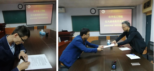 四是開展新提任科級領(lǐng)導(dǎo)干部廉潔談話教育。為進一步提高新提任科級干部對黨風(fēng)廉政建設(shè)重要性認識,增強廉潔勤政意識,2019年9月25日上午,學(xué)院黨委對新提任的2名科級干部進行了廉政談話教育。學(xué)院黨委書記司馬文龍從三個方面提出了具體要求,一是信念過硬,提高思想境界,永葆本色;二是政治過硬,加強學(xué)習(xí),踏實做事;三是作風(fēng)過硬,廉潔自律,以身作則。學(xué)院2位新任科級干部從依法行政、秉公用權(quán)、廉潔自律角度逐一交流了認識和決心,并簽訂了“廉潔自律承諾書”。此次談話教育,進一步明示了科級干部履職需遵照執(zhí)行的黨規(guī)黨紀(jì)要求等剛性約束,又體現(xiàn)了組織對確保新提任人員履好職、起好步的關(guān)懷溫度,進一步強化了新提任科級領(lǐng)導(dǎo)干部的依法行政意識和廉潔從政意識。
...
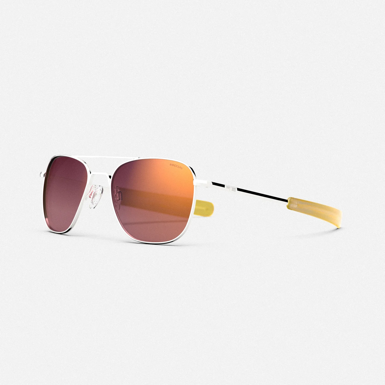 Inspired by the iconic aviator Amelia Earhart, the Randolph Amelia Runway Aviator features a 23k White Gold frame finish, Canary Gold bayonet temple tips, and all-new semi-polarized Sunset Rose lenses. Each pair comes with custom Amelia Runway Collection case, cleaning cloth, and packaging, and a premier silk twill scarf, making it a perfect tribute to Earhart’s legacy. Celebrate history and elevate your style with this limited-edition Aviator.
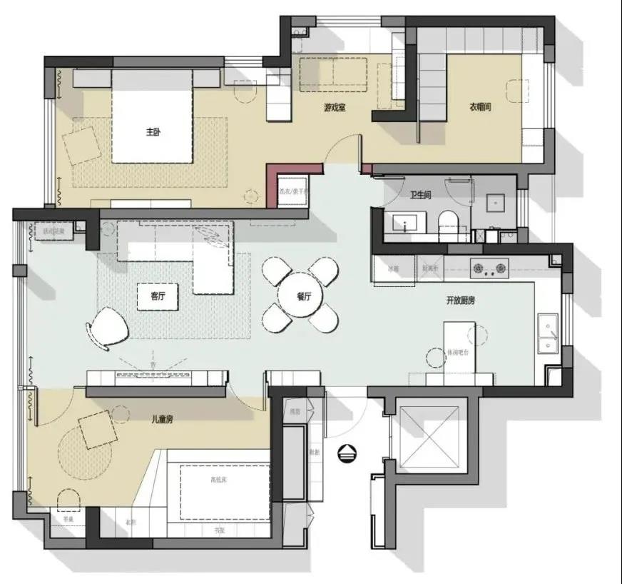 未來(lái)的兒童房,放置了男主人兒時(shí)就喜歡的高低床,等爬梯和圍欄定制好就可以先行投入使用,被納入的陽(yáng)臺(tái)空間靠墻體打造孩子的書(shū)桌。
...
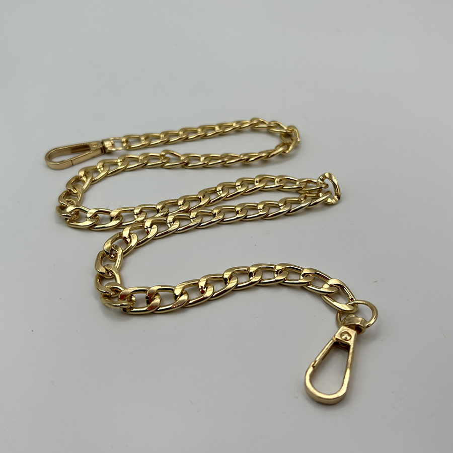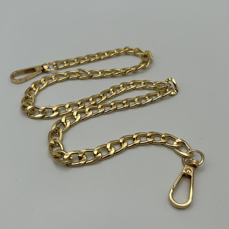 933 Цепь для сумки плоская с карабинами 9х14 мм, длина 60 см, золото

_DESCRIPTION OF THE TASK:_
Give again the stretch of lines above from the one with "Inspired by the" through the one with "未來(lái)的兒童房,放置", both ends kept, and copy no pictures.

_YOUR SOLUTION:_
 Inspired by the iconic aviator Amelia Earhart, the Randolph Amelia Runway Aviator features a 23k White Gold frame finish, Canary Gold bayonet temple tips, and all-new semi-polarized Sunset Rose lenses. Each pair comes with custom Amelia Runway Collection case, cleaning cloth, and packaging, and a premier silk twill scarf, making it a perfect tribute to Earhart’s legacy. Celebrate history and elevate your style with this limited-edition Aviator.
 未來(lái)的兒童房,放置了男主人兒時(shí)就喜歡的高低床,等爬梯和圍欄定制好就可以先行投入使用,被納入的陽(yáng)臺(tái)空間靠墻體打造孩子的書(shū)桌。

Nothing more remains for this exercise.